The purpose of the traffic goal is to get as many people to your site as possible. So there is a risk that if you set up the wrong target group, who like to click on things but are not necessarily your buying persona, you will bring in a lot of users who will not be interested in what you have to offer. However, this does not mean that traffic cannot be used to make purchases.
Very often, when I advise my students to start online stores, I recommend the “traffic” goal, because in the early stages of development, scale is more important than accuracy . And it may turn out that campaigns such as catalog sales or conversion will not generate any purchases for you, because they will not be able to “swing” very much. In the meantime (taking into account canada rcs data what the average conversion rate looks like on online stores, which is around 1.5%), if we bring a sufficiently large group of people from the right target group to the website, this should also translate into sales.
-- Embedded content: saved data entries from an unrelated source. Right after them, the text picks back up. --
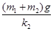 本题解析:整个系统处于平衡状态时,以m1和m2整体为研究对象,由平衡条件得:k2弹簧的弹力是:k2x1=(m1+m2)g,当m1被提离上面的弹簧时,k2弹簧的弹力是:k2x2=m2g,所以木块m2移动的距离是:x1-x2=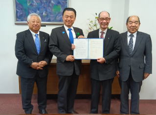 5月1日、島根県庁において、丸山知事と島根県警備業協会の役員が、協定の再締結にともない懇談をしました。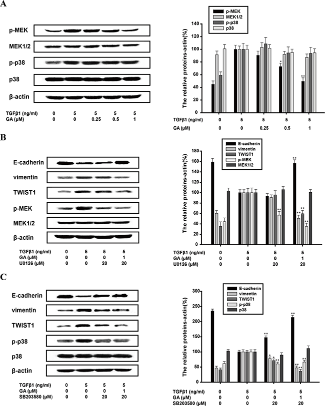 Figure 6: Inhibition of TGFβ1-induced EMT by GA does not require MAPK pathway. A549 cells were treated with the indicated concentrations of GA, TGFβ1, U0126 and SB203580 for 24 h. (A) Western blotting analyses of p-MEK, MEK1/2, p-p38 and p38 were performed with whole-cell lysates and specific antibodies. (B) Western blotting analyses of E-cadherin, vimentin, TWIST1, p-MEK and MEK1/2 were performed with whole-cell lysates and specific antibodies. (C) Western blotting analyses of E-cadherin, vimentin, TWIST1, p-p38 and p38 were performed with whole-cell lysates and specific antibodies. Anti-β-actin antibody was used to confirm equivalent protein loading. Each experiment was performed at least three times. *p < 0.05 compared with the TGFβ1-treated group; **p < 0.01 compared with the TGFβ1+TNFα-treated group.

As a curiosity, I will tell you that I have sometimes set up a campaign manually for groups that abandoned carts with several specific products precisely within the traffic objective. And achieved returns on such investments several times over.
So there are experiments that you can sometimes indulge in with pleasure. However, in accordance with my advertising motto "first, do no harm, look for a safe solution", please treat the goal movement similarly to activity. That is, as a way to build the top of the funnel.
For example, you can show people articles on your company blog or other types of content, newsletter sign-up forms. As long as you offer them something interesting in return. Maybe a discount, or maybe some lead magnet material .
I don't deny that movement is a goal to watch out for. How does it work?